Quality and shelf life of white mould cheeses

  • Nielsen, Per Væggemose (Project Manager)
  • Hinsby, Anne Winther (Project Participant)
  • Jakobsen, Mogens (Project Participant)

    Project Details

    Description

    Penicillium camemberti is the species taxonomically accepted as being responsible for surface ripening of white mould cheeses. The rate of ripening is determined by the rate of germination, mycelia growth, sporulation and enzymatic production by P. camemberti. The appearance of the cheese is determined by the structure and colour of the combined mycelial growth and formation of conidia by P. camemberti. A rapid germination and mycelial growth is also required for P. camemberti to compete effectively against phenotypically closely related contaminating mould i.e. P. commune and P. caseifulvum and other contaminants including strains of Geotrichum candidum and Mucor spp.
    The interaction between P. camemberti and the cheese surface as well as external environmental factors e.g. relative humidity and oxygen and carbon dioxide level are important for the uptake of nutrients and the viability of the culture.
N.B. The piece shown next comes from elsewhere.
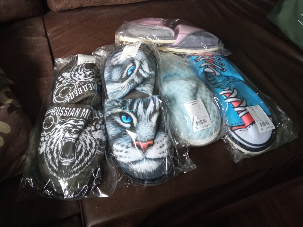 Она мне привезла в подарок кучу оригинальных тапочек для всей семьи, это изделия предприятия, где она работает.

When cultures degenerates the mould growth on the surface collapses and become brownish. This is a strong limiting factor for the shelf life of white mould cheeses.
    Starter cultures of P. camemberti and G. candidum and related contaminants will be screened for rate of germination, mycelial growth, sporulation, appearance and stability on the surface of a cheese model substrate. For selected cultures detailed studies on the effect of environmental factors and cheese compositions will be carried out. The interaction between the primary starter culture and P. camemberti will be included in the studies. In experiments with a model system and cheese the interaction of P. camemberti with the surface and the viability of the culture will be studied in detail by scanning electron microscopy.
    Based upon these studies optimal conditions for white mould cheese will be found.